What you expected to happen:

I expected cluster autoscaling to spin up new nodes if none were available with sufficient capacity for these jobs.

How to reproduce it (as minimally and precisely as possible):

Please provide links to example occurrences, if any: e.g. for https://testgrid.k8s.io/sig-release-master-blocking#kind-master-parallel&width=20

https://prow.k8s.io/view/gcs/kubernetes-jenkins/logs/ci-kubernetes-kind-e2e-parallel/1300592620015194112 - 3 tests fail
https://prow.k8s.io/view/gcs/kubernetes-jenkins/logs/ci-kubernetes-kind-e2e-parallel/1300577268589924352 - There are no nodes that your pod can schedule to - check your requests, tolerations, and node selectors (skip schedule deleting pod: test-pods/332044eb-ebe2-11ea-aff6-5a14b0d7f3dc)
https://prow.k8s.io/view/gcs/kubernetes-jenkins/logs/ci-kubernetes-kind-e2e-parallel/1300561918280339458 - There are no nodes that your pod can schedule to - check your requests, tolerations, and node selectors (0/52 nodes are available: 3 node(s) had taints that the pod didn't tolerate, 4 Insufficient memory, 49 Insufficient cpu.)
https://prow.k8s.io/view/gcs/kubernetes-jenkins/logs/ci-kubernetes-kind-e2e-parallel/1300546567635210241 - There are no nodes that your pod can schedule to - check your requests, tolerations, and node selectors (0/66 nodes are available: 1 Insufficient memory, 3 node(s) had taints that the pod didn't tolerate, 63 Insufficient cpu.) https://prow.k8s.io/view/gcs/kubernetes-jenkins/logs/ci-kubernetes-kind-e2e-parallel/1300531215815675904 - There are no nodes that your pod can schedule to - check your requests, tolerations, and node selectors (0/68 nodes are available: 1 Insufficient memory, 3 node(s) had taints that the pod didn't tolerate, 65 Insufficient cpu.)
https://prow.k8s.io/view/gcs/kubernetes-jenkins/logs/ci-kubernetes-kind-e2e-parallel/1300515864868556800 - 2 tests fail
https://prow.k8s.io/view/gcs/kubernetes-jenkins/logs/ci-kubernetes-kind-e2e-parallel/1300500448448352257 - There are no nodes that your pod can schedule to - check your requests, tolerations, and node selectors (0/57 nodes are available: 3 Insufficient memory, 3 node(s) had taints that the pod didn't tolerate, 54 Insufficient cpu.) https://prow.k8s.io/view/gcs/kubernetes-jenkins/logs/ci-kubernetes-kind-e2e-parallel/1300485096591069186 - Job execution failed: Pod pending timeout.

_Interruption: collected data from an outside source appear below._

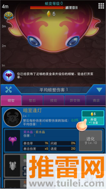 2、优先升级主力螃蟹的攻击力,后期再进行整体强化。
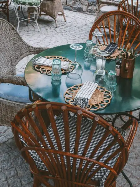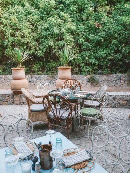 De grote tuin is een groene oase met sfeerverlichting, terrasjes en een open bar met rieten lampionnen. Hier vind je ook de originele pétanquebaan, waar de boules klaarliggen voor een potje na de lunch.
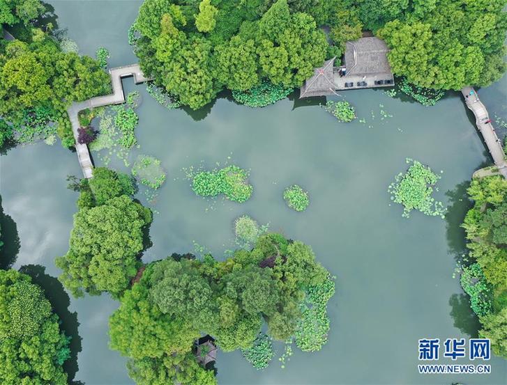 5月27日,游人在西湖曲院風荷景區(qū)游覽(無人機照片)。 隨著氣溫升高,杭州西湖綠意蔥蘢,展現(xiàn)出柔美的湖光山色。新華社記者翁忻旸攝
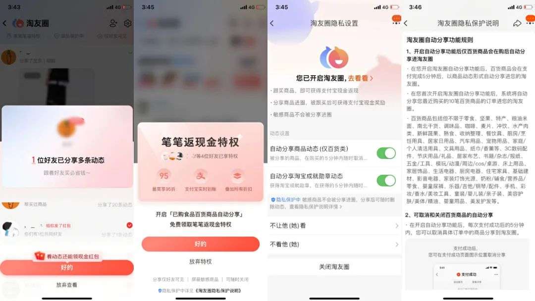 老实说它也不是“问我”,而是用满屏的“XXX(好友名)给你发了红包”、“笔笔返现金特权”等诱导性语句,让我以为只是日常的领金币、发优惠的活动,所以就按照指示一步步开通了淘友圈,并且同意了“已购食品百货商品自动分享”。
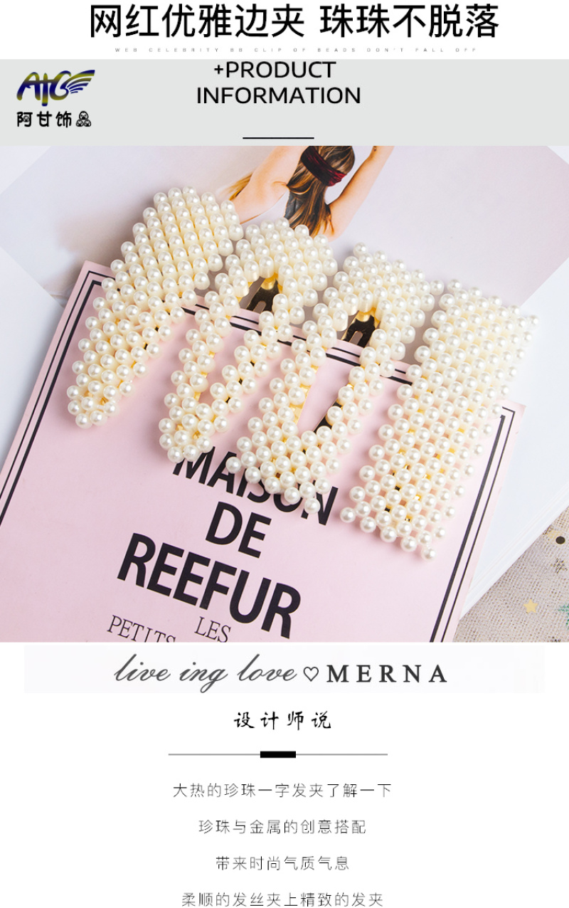 ins pearl barrettes high-profile figure hairpin girl duckbill clip children south korea headdress internet celebrity bar clip side clip hair accessories 中文版
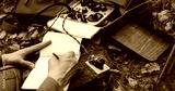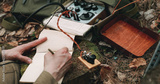 Russian Soviet Infantry Red Army Soldier In World War II using Russian Soviet Portable Radio Transceiver In Trench Entrenchment In Spring Autumn Forest. . Headphones And Telegraph Key. Close Up Hands,
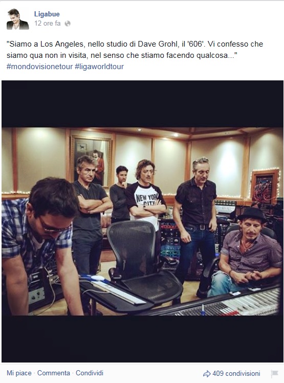 Nel frattempo Ligabue, impegnato nelle ultime tappe del tour internazionale che si conclude domenica 26 ottobre al Grand Central di Miami, ha avuto il tempo di realizzare un lavoro in studio di registrazione: infatti in queste ore si trova a Los Angeles negli studi di Dave Grohl dei Foo Fighters, ma la sua non è una visita di cortesia o scopo turistico, come lui stesso annuncia al suo pubblico attraverso la propria pagina ufficiale di Facebook:
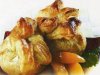 Приготовление. Персики облейте кипятком и очистите, разрежьте их пополам и выньте косточки. Ложкой выньте из середины персиков немного мякоти. Измельчите ее. Разогрейте духовку до 200°С.
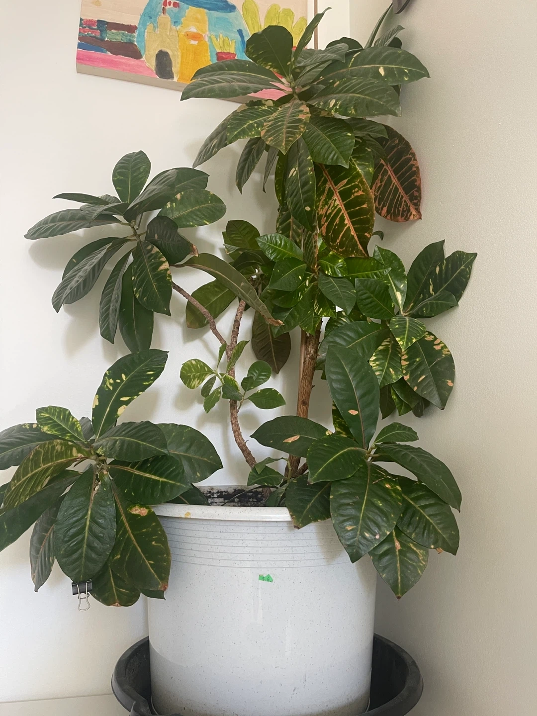 Beautiful indoor plant with variegated leaves. It's potted in a large white container. This plant would add a lovely touch of greenery to any room!
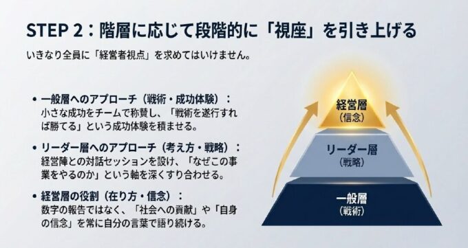 いきなり全員に「経営者視点」を求めてはいけません。階層に応じたアプローチが必要です。
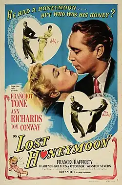 Lost Honeymoon is a 1947 American screwball comedy film directed by Leigh Jason and starring Franchot Tone, Ann Richards and Tom Conway. The working title of the film was Amy Comes Across.[3]
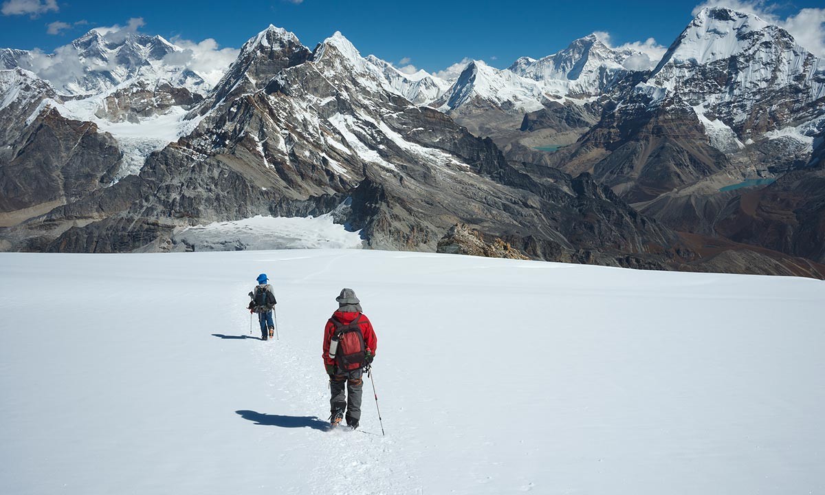 Mera Peak Climbing is one of the few Himalayan expeditions that can be completed within three weeks; following the remote virgin territory of the Hinku Valley, this expedition explores the northward prospects of the Khumbu region. An ideal Himalayan exploration for both beginners; who dream of conquering the 8,000-meter class massifs in the Himalayas and seasonal mountaineers who want to extend their Himalayan portfolio. This immersive, exhilarating adventure redefines the journey of solitude on an off-beaten path exploring the Himalayan wilderness. And leads to the summit that rewards the expeditioners with spectacular views of the five of the highest mountains in the world; Everest, Makalu, Kanchenjunga, Lhotse, and Cho Oyu.
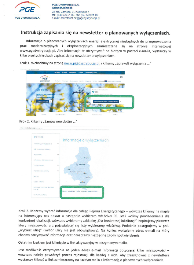 Obrazek Informacje o planowanych wyłączeniach energii elektrycznej niezbędnych do przeprowadzenia prac modernizacyjnych więcej
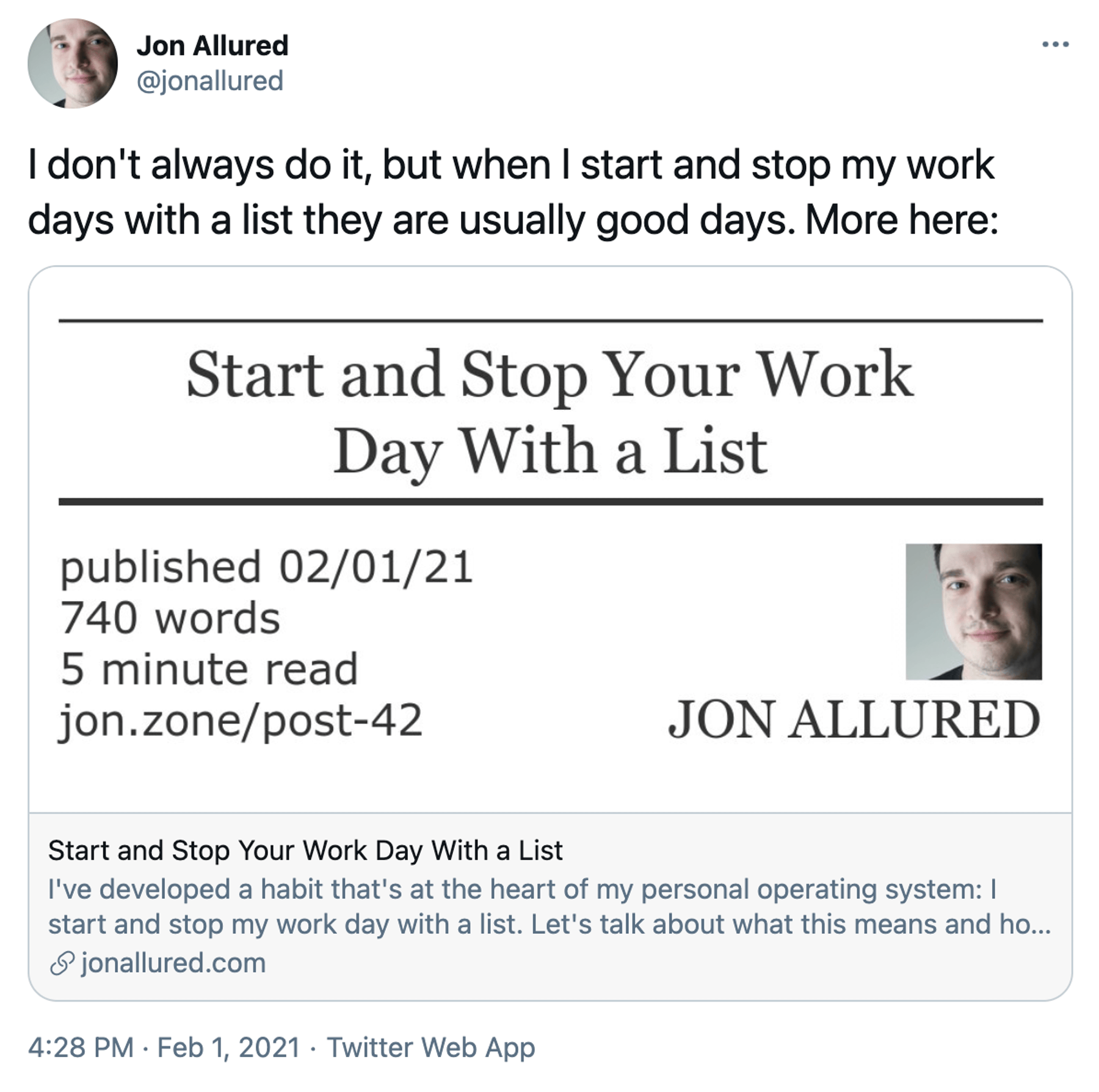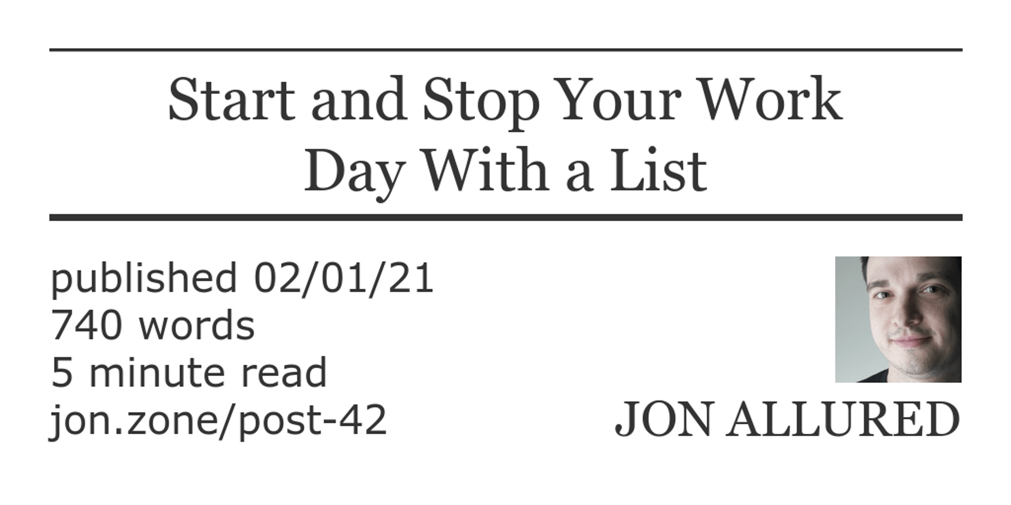 <meta property='og:url' content='/posts/2021/02/01/start-and-stop-your-work-day-with-a-list.html'>
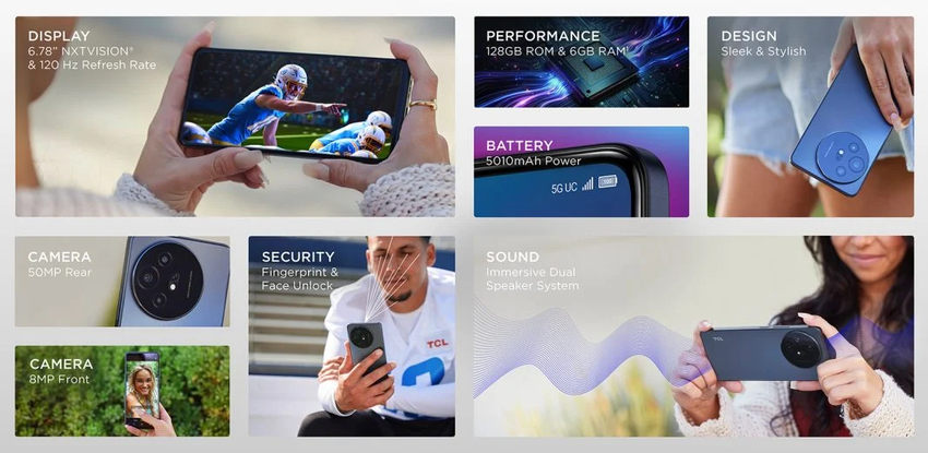 Das TCL 50 XL 5G verfügt über ein 6,78 Zoll großes IPS-Display mit einer Auflösung von 2460 x 1080 Pixeln, einem Seitenverhältnis von 20:9 und einer Bildwiederholfrequenz von 120 Hz. Das Smartphone wird von einem MediaTek Dimensity 6100 Plus-Prozessor, 6 GB RAM und 128 GB integriertem Speicher angetrieben. Nutzer können den Speicher auch mit einer MicroSD-Karte erweitern.

Anything else we need to know?:

EDIT: turns out the PR jobs were failing a lot too, though a few specific test cases instead of hitting pod pending (ref: https://github.com/kubernetes/test-infra/issues/19080#issuecomment-684156938)

The increased PR / job traffic caused by v1.20 PR's getting merged is almost certainly exacerbating this

spiffxp commented 4 years ago

I think the resource limits we have in place for the presubmit variants of these jobs are what we should be using

https://prow.k8s.io/?state=error - shows the presubmit variants of these jobs have not been having this problem
Limit utilization graphs show the CI jobs have plenty of headroom compared to the presubmits

CPU limit utilization for pull-kubernetes-e2e-kind Screen Shot 2020-08-31 at 6 26 53 PM

CPU limit utilization for ci-kubernetes-kind-e2e.* Screen Shot 2020-08-31 at 6 28 29 PM

Memory limit utilization for pull-kubernetes-e2e-kind Screen Shot 2020-08-31 at 6 52 47 PM

Memory limit utilization for ci-kubernetes-kind-e2e.* Screen Shot 2020-08-31 at 6 52 00 PM

If we then find we're experiencing a lot of test flakiness (but fewer jobs in error state), we may want to consider whether it's time to look into the extra complexity of scheduling merge-blocking and release-blocking jobs to separate nodepools (or clusters).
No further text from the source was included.